Je ne savais pas comment le dire, mon titre est peut-être un peu grandiloquent, improbable, mais voilà ce dont il s’agit quand on ouvre 1Q84, la dernière œuvre en date de l’écrivain japonais. Dernière œuvre en date au titre imprononçable. A l’intrigue singulière, comme toujours.
1Q84, donc, roman ayant connu un succès énorme à sa sortie au Japon en 2009 et qui nous arrive précédé de ce succès et de bien des commentaires. Pour le replacer dans le travail de l’auteur, il s’agit d’un de ces romans qu’il appelle roman synthèse, comparable à Kafka sur le rivage, Les chroniques de l’oiseau à ressort ou encore, peut-être, La fin des temps. Un roman tellement total qu’il sera publié en trois volumes, trois parties dont deux viennent de paraître de ce côté-ci de la planète.

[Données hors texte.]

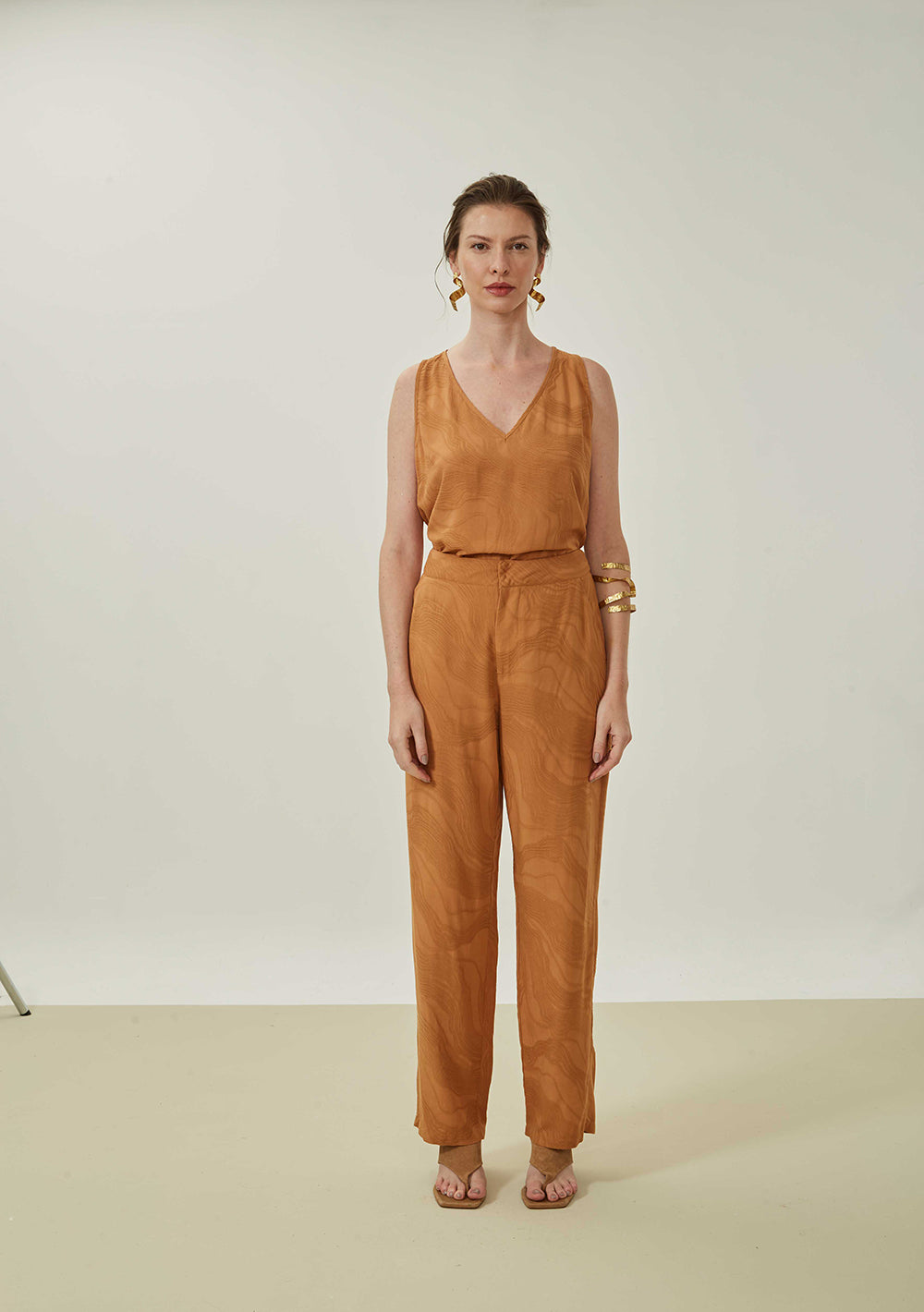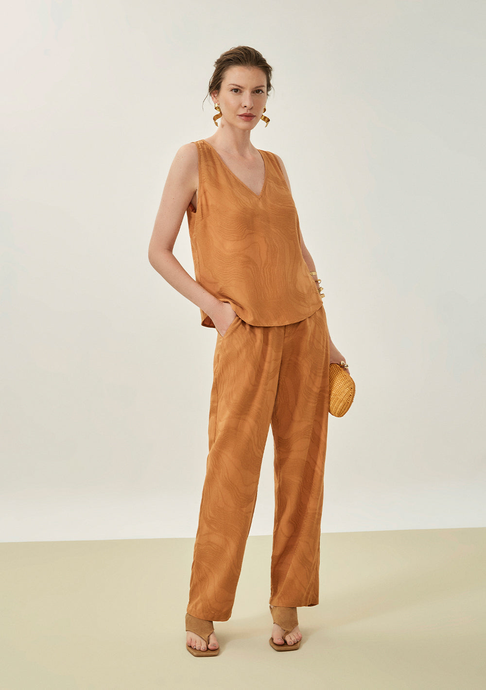 Eleva tu guardarropa con el pantalón recto de tiro alto en color marrón de Maria.Valentina, una prenda que irradia sofisticación y comodidad. Confeccionado en 100% viscosa, ofrece una caída perfecta que realza tu silueta, ideal para cenas elegantes o reuniones importantes. Combínalo con blusas de seda, blazers estructurados y accesorios dorados para un look impecable. La colección celebra la conexión entre pasado y presente, aportando un toque de clase atemporal que refleja la esencia de la mujer moderna y segura de sí misma. Apuesta por la elegancia y versatilidad de esta pieza esencial y siéntete poderosa en cualquier ocasión.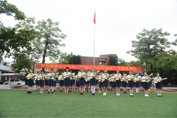下午,尤克里里弹唱《五星红旗迎风飘扬》童趣情真、“我的三乡我来爱”主题队会心思巧、“东南西北”美食汇创意足、“林海”庆六一艺术主题中队会引惊叹、班级亲子游艺会笑声浓、毕业纪念树种植礼传文明、……23个班个个都有不同形式,但23个班个个有着相同的快乐。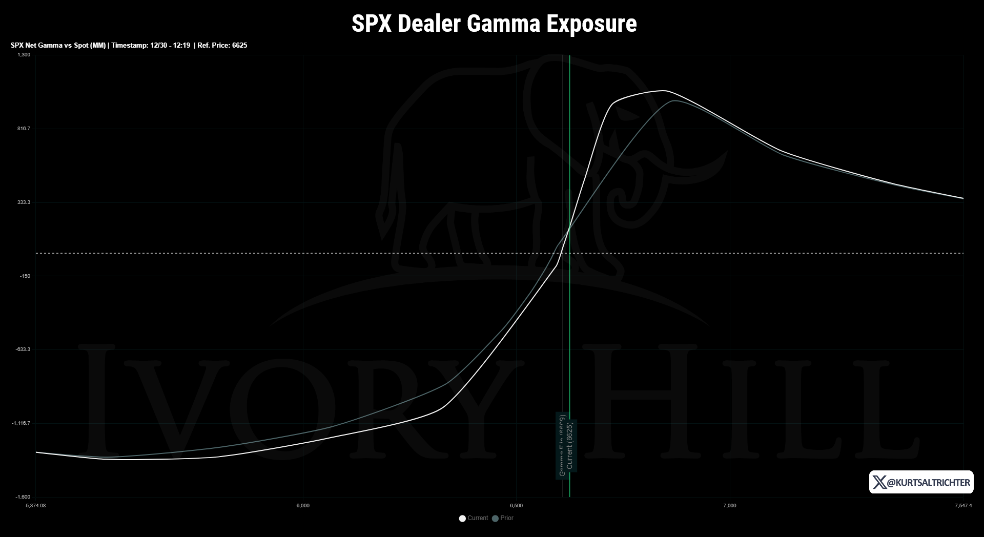 Dealer gamma on the S&P 500 has shifted back into positive territory near 6,625, meaning options dealers are once again long gamma around the current spot. When dealers are long gamma, they tend to suppress volatility by buying dips and selling rips, which can help stabilize price action and keep intraday swings more contained. If spot breaks below this zone and dealers flip back to short gamma, the market could see sharper, more directional moves.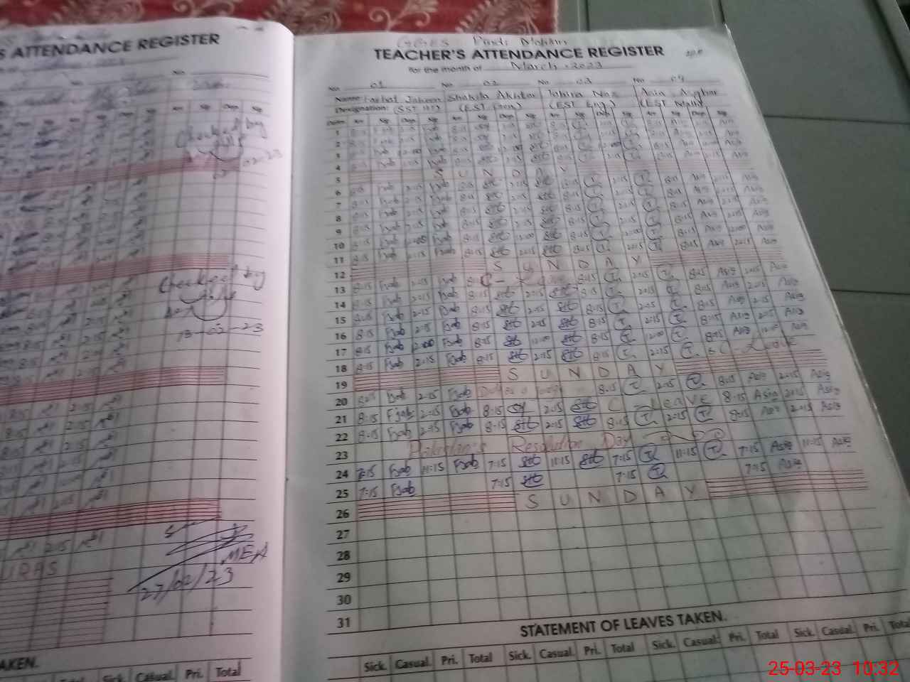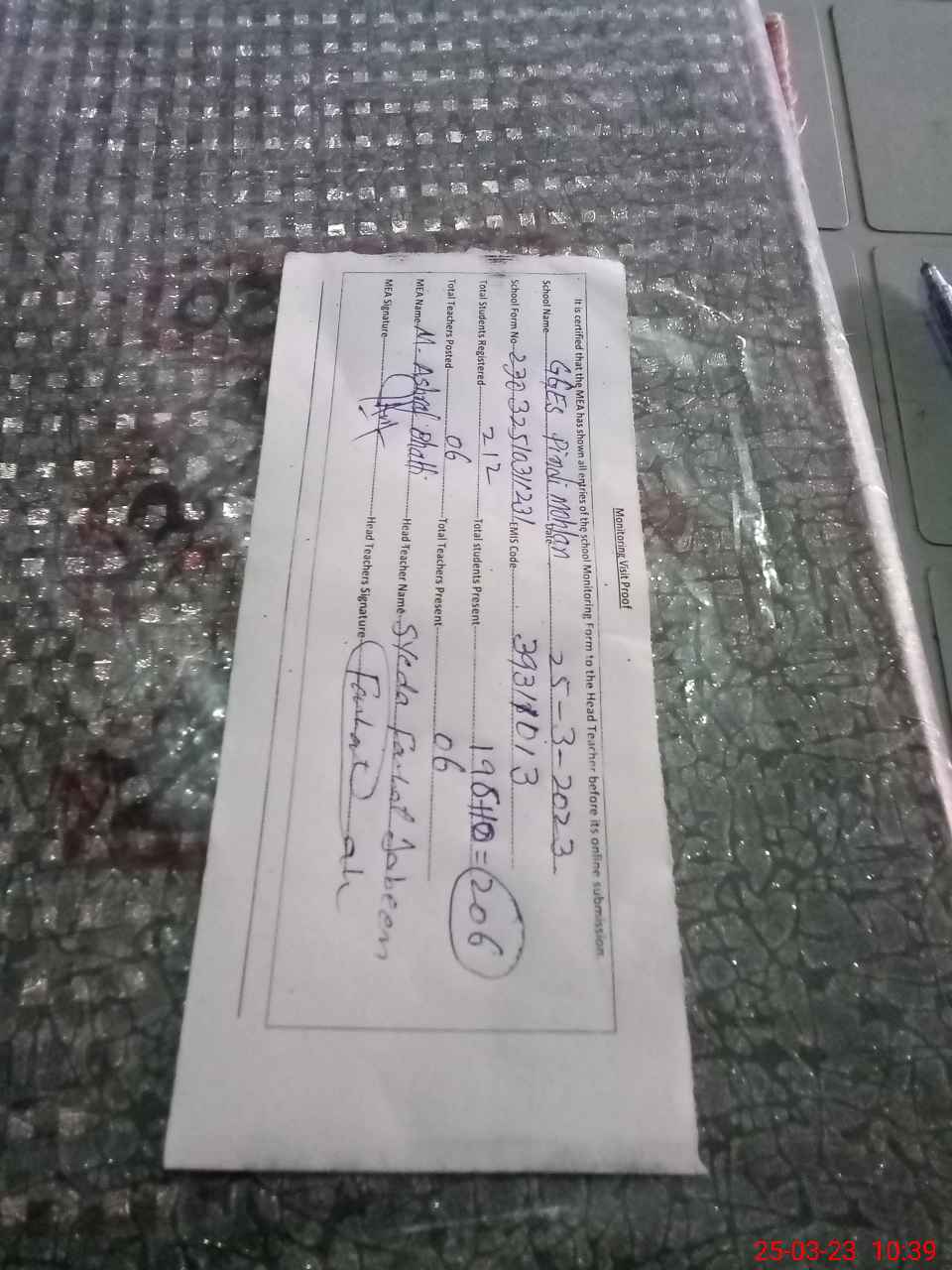 | Attendance Register | Head Teacher | MEA with School | Visit Proof |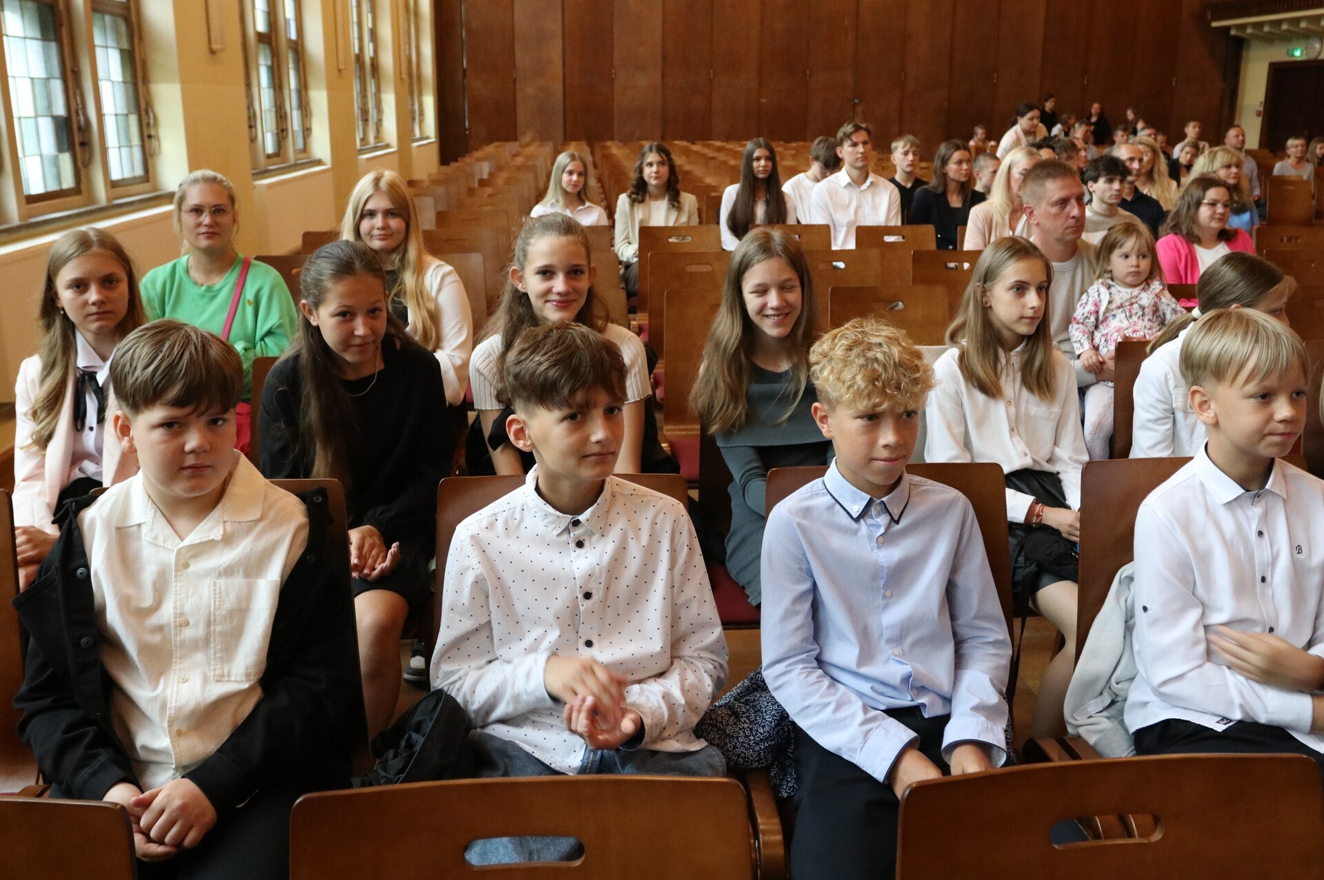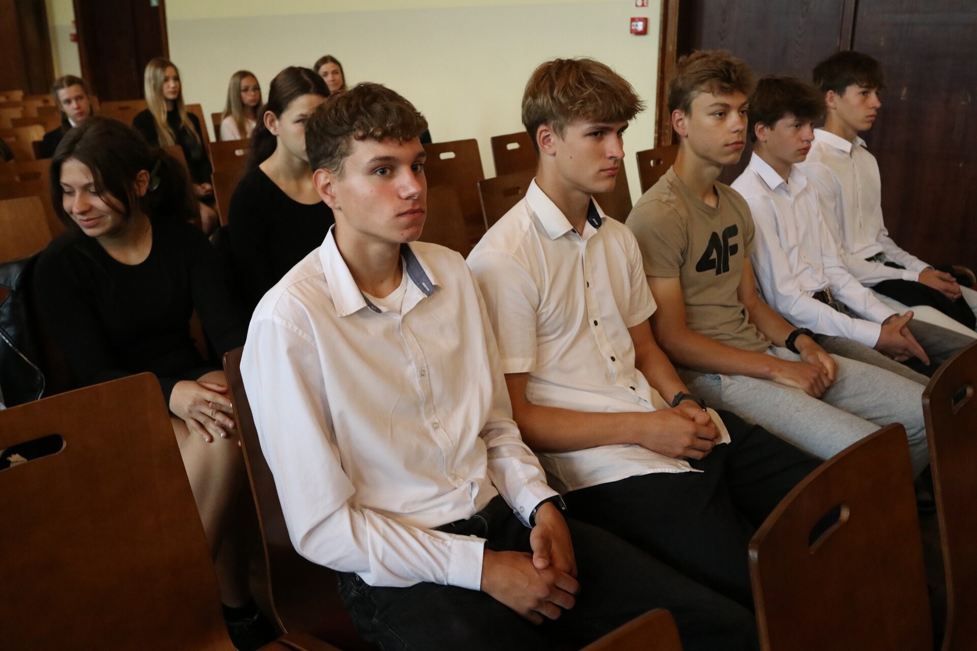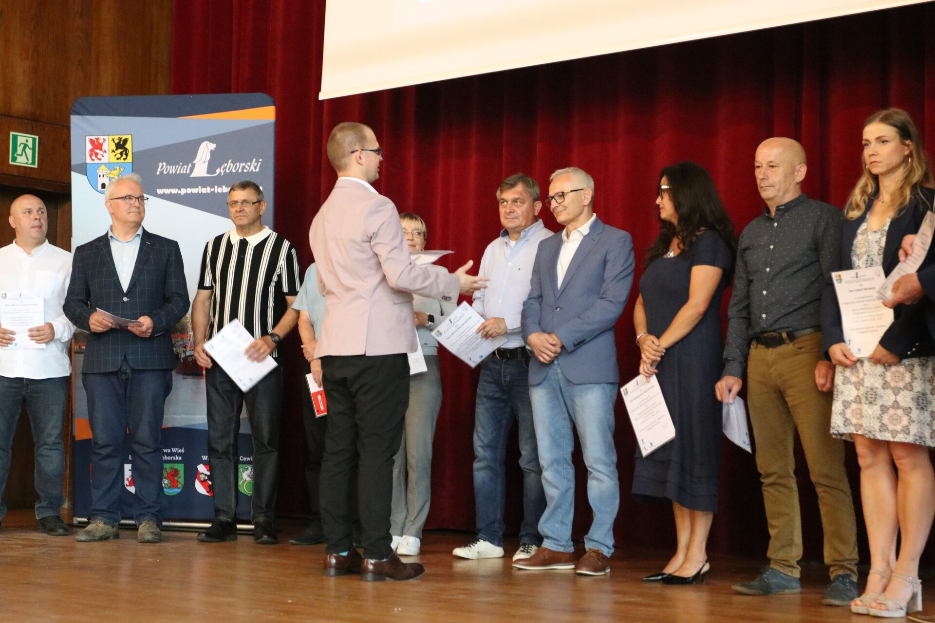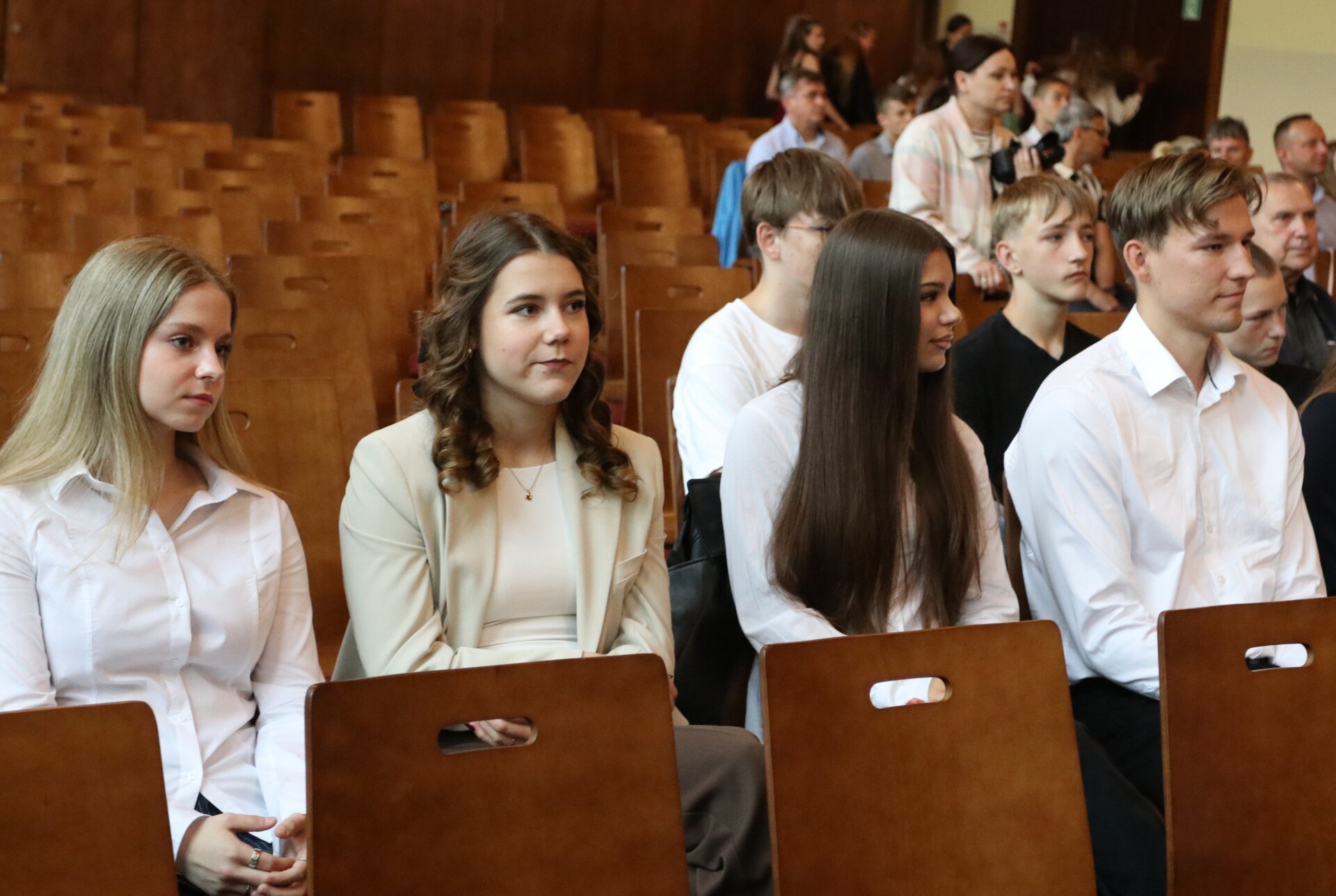 W auli Zespołu Szkół Mechaniczno – Informatycznych w Lęborku najlepsi sportowcy wśród uczniów odebrali nagrody za sukcesy w LIII Igrzyskach Dzieci, XXVI Igrzyskach Młodzieży Szkolnej, XXV Licealiadzie oraz Olimpiadach Specjalnych w roku szkolnym 2024/2025. Wśród gratulujących i wręczających nagrody był starosta lęborski Tomasz Litwin, burmistrz Miasta Lęborka Jarosław Litwin, zastępca wójta Gminy Nowa Wieś Lęborska Marian Kurzydło i sekretarz Gminy Cewice Joanna Parszewska.

Le livre 1 se déroule d’avril à juin. Nous suivons alternativement Tengo et Aomamé dans leurs pérégrinations, leurs occupations personnelles, professionnelles ou autres. Chacun des deux a un métier et s’est engagé dans une activité en parallèle. Tout commence avec Aomamé bloquée dans un taxi au milieu d’un embouteillage, une musique passe à la radio et le chauffeur lui donne un conseil si elle est pressée. Après quelques hésitations, elle accepte la proposition et emprunte une échelle de sortie destinée aux services d’entretien… Tengo est professeur de mathématiques et écrivain à ses temps perdus, un écrivain n’ayant jamais été publié. Il va également accepter une proposition, celle de son éditeur. Il va accepter de réécrire le roman d’une jeune fille de dix-sept ans.
Sans qu’ils le sachent, leur monde va basculer. Et Murakami nous décrit ce changement qui se niche d’abord dans des petits riens, quelques détails…
Nous sommes, une fois encore avec cet auteur, à la limite. La limite entre le monde tel que nous le connaissons et un monde qui pourrait être. Cette limite, cette frontière, son franchissement, se manifestent dans des petits détails, des observations qui pourraient être insignifiantes mais vont se révéler pleines de sens.
Et Murakami nous entraîne à sa suite et à la suite de ses personnages dans ce monde qui pourrait être le nôtre.
Le livre 2 de 1Q84 se déroule de juillet à septembre. Et la dérive continue. Lente, à peine perceptible, ou inéluctable, accomplie.
Tengo et Aomamé poursuivent leur évolution, approfondissent leur questionnement et continuent à être entraînés dans ce monde dont ils ont à peine conscience. Dont ils doutent. Ils continuent à être entrainés dans cette histoire, cette intrigue dont ils ne sont que des éléments.
Tengo revient sur son passé, Aomamé ne peut que se repencher dessus tant ce qu’elle vit le ravive. Leurs pensées se rapprochent, ils se souviennent l’un de l’autre de manière de plus en plus prégnante. Je n’en dirai pas plus pour ne pas déflorer l’intrigue à ceux qui n’ont pas ouvert le premier livre.
Murakami, sans en avoir l’air, comme à son habitude, avec un style tout à l’économie, tout en simplicité, nous emporte, nous force à tourner les pages sans que nous soyons dans un livre à suspens. Il y a peut-être, quand même, du thriller chez lui. Ou un certain pouvoir peu ordinaire. Toujours est-il qu’il fascine, qu’il nous fascine et nous fait avancer.
On ressort différent de la lecture d’un de ses livres. Notre vision du monde change grâce à lui. Petit à petit.
Il ne nous reste plus qu’à patienter quelques mois avant la conclusion de cette trilogie… pour nous qui ne lisons pas le japonais.